Stefan waggled his head from side to side in assent.
“Yes,” continued Marko, “to see Italie, Paris, Londres. Particulierly Londres.”
“I live in London,” Arthur remarked.
“You live?” said Marko with interest. “Tell me, ’ow great is Londres?”
“How great?” repeated Arthur, doubtful what kind of greatness was indicated, moral or material.
“Oui, ’ow great? From one side to the other side?”
“Oh, I see,” replied Arthur, and took thought. “About twenty-five kilometres, I suppose.”
“Twenty-five!” Marko’s eyes rounded with astonishment. “Écoute, Stefan; vingt-cinq kilomètres.”
“But—but,” demanded Stefan, “’ow many people is there?”
“About six millions,” replied Arthur, swelling with pleasure. At last he had found his incredulous audience.
“But that is a nation! I do not know if there are so many in all Bulgarie,” cried Marko. “’Ow do they travel? No droski could go so far—it is a day’s march. But perhaps you ’ave tramway? In Sofia we ’ave tramway,” he added, not without pride.
“There are trams, but most of the people travel in buses——”
“Bussesse?” interjected Stefan. “Qu’ est-ce que c’est, bussesse?”
“Lorries—camions. Big automobiles containing many people. And there are also underground railways, railways under the ground in a tunnel. You know tunnels?”
“Oui, galleria. But a railway under a town—mon Dieu!” said Marko, appalled. “’Ow do the people descend to it?”
“In lifts—ascenseurs. From the street.”
Stefan nodded assent. “I ’ave seen ascenseurs at Sofia,” he said.
“In these tunnels,” continued Arthur, visibly warming to his work, “trains go to all parts of the town every three minutes, and the cost is only twenty statinki. The streets above are paved with wood.”

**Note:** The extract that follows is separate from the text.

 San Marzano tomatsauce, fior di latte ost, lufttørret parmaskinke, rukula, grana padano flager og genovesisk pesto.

“With wood! Kolossal!” said Marko, forgetting our prejudice against Bosch idiom in his wonder at this crowning marvel.
To what lengths of veracity Arthur would have gone I never knew, for at that moment a trampling of feet and a hoarse command outside announced the arrival of our escort, and Marko, still in a sort of walking swoon of amazement, went out to give them their orders.
Stefan regarded us with twinkling eyes.
“Ah, farceur!” he remarked, shaking his finger waggishly at Arthur. “I know all the time you make the joke, but poor Marko, you ’ave deceived ’im absolument. Railway under the ground, streets of wood, ’e swallow it all. Oh, naughty Baroutchik!”

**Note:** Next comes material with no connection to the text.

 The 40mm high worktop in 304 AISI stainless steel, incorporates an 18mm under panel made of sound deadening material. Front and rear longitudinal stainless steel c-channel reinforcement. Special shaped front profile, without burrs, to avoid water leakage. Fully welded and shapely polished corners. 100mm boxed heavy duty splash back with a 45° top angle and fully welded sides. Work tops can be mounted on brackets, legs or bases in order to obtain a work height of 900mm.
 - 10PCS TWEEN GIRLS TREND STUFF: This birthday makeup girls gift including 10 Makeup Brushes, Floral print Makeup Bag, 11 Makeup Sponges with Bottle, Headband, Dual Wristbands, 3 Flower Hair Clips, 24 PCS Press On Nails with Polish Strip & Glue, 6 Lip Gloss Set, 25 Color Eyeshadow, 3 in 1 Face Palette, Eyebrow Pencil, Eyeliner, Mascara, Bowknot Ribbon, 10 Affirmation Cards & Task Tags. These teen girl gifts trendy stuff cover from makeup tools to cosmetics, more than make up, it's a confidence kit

The wolves did not come near us and our escort on our way home, but they could have had Arthur for the taking. At the moment he had nothing left to live for.

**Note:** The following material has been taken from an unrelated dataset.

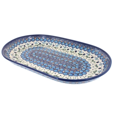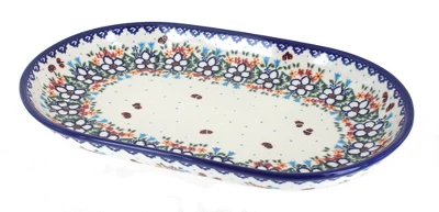 Each one of our serving platters is shaped and decorated by hand, while glazed and high fired to long-lasting quality. Choose the size and pattern to fit your personal tastes. 12.75 inches x 8 inches. The Art of Polish Pottery, as we know it today, started as local folk art centuries ago in the German province of Silesia. The first known pieces of “Bunzlauer” stoneware dating back to the 16th century were crafted by hand and decorated with a folk art stamping technique using potatoes. Original designs were inspired by the peacock feather using the colors of cobalt blue, sage green and ferrous red. These designs and colors are still the inspiration for modern day patterns.Today, skilled Polish artists still individually handcraft and hand decorate each piece using small sponges to stamp each pattern and color. After the process of mixing ingredients, molding the pottery, applying the decorations and glaze, the pottery is twice fired. This process makes the pottery extremely durable, it will not crack or chip easily, and it is perfect for use in the microwave, dishwasher, oven and freezer. Along with our pottery, we have sourced a range of absolutely beautiful hand blown glassware from Poland. It is the perfect addition to your Polish Pottery Collection!

“Johannesburg tramway men started a lightning strike on Thursday owing to the suspension of a conductor.”—Daily Paper.
It seems a logical reason.
“Do not waste any time in entering for our ‘Hidden’ Geography Competition.”—Daily Paper.
Thanks for the advice; we won’t.
“Linacre Lecture.—Dr. Henry Head, F.R.L., ‘Aspasia and Kindred Disorders of the Speech.’”—Cambridge Calendar.
Yet this is the lady who is supposed to have inspired the most famous of Pericles’ orations.
“Furnished Railway Carriage in Surrey garden to Let; 3 beds; company’s water, gas-cooker, and light: 2gs. weekly.”—Daily Paper.
Miss Daisy Ashford seems to have foreseen this development when she wrote of Mr. Salteena’s “compartments.”
THE RELUCTANT THRUSTER.
Mr. Asquith (performing the function of a battering-ram). “I CONFESS THAT AT MY TIME OF LIFE I SHOULD HAVE PREFERRED A MORE SEDENTARY IF LESS HONORIFIC SPHERE OF USEFULNESS.”
Profiteer (after trying a variety of patterns without success). “Well, it looks pretty ’opeless when they won’t ’ave a gold fly. What do they expect—diamonds?”